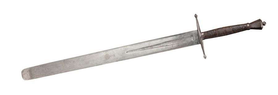 Fusée en cuir filigranée de fer. Fort pommeau conique à pans, surmonté d'une boule aplatie.
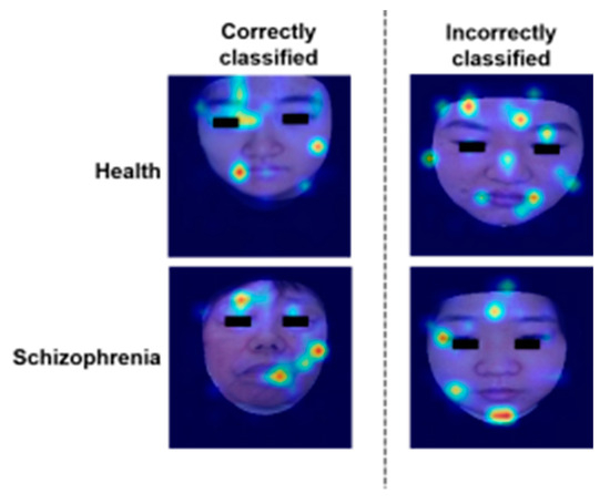 Figure 6 further illustrates examples of both correctly and incorrectly classified cases for healthy participants and SZ patients. In correctly classified cases, the model demonstrates a consistent focus on the eye and mouth regions, aligning with known clinical features indicative of SZ. For instance, a correctly classified SZ patient (bottom left image) shows heightened attention around the eyes and mouth, which are critical regions for diagnosing mental conditions.
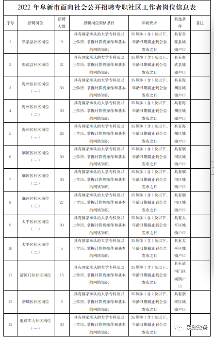 1.应聘人员须具有阜新市城镇户口,且只能报考户籍所在县区社区工作岗位。户籍时间截止到公告发布之日前一天。
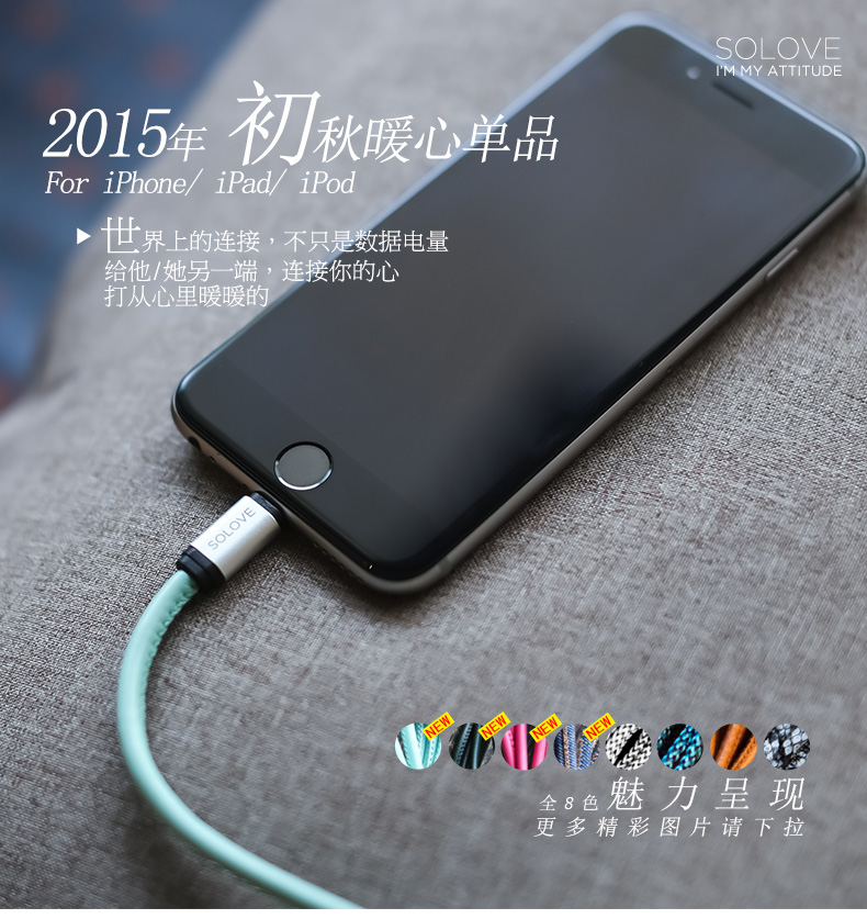 SOLOVE素樂 圍巾蘋果6Plus數據線iPhone5 i

Work instruction:
The material should be duplicated word for word, with no images included.

Reply:
 Fusée en cuir filigranée de fer. Fort pommeau conique à pans, surmonté d'une boule aplatie.
 Figure 6 further illustrates examples of both correctly and incorrectly classified cases for healthy participants and SZ patients. In correctly classified cases, the model demonstrates a consistent focus on the eye and mouth regions, aligning with known clinical features indicative of SZ. For instance, a correctly classified SZ patient (bottom left image) shows heightened attention around the eyes and mouth, which are critical regions for diagnosing mental conditions.
 1.应聘人员须具有阜新市城镇户口,且只能报考户籍所在县区社区工作岗位。户籍时间截止到公告发布之日前一天。
 SOLOVE素樂 圍巾蘋果6Plus數據線iPhone5 i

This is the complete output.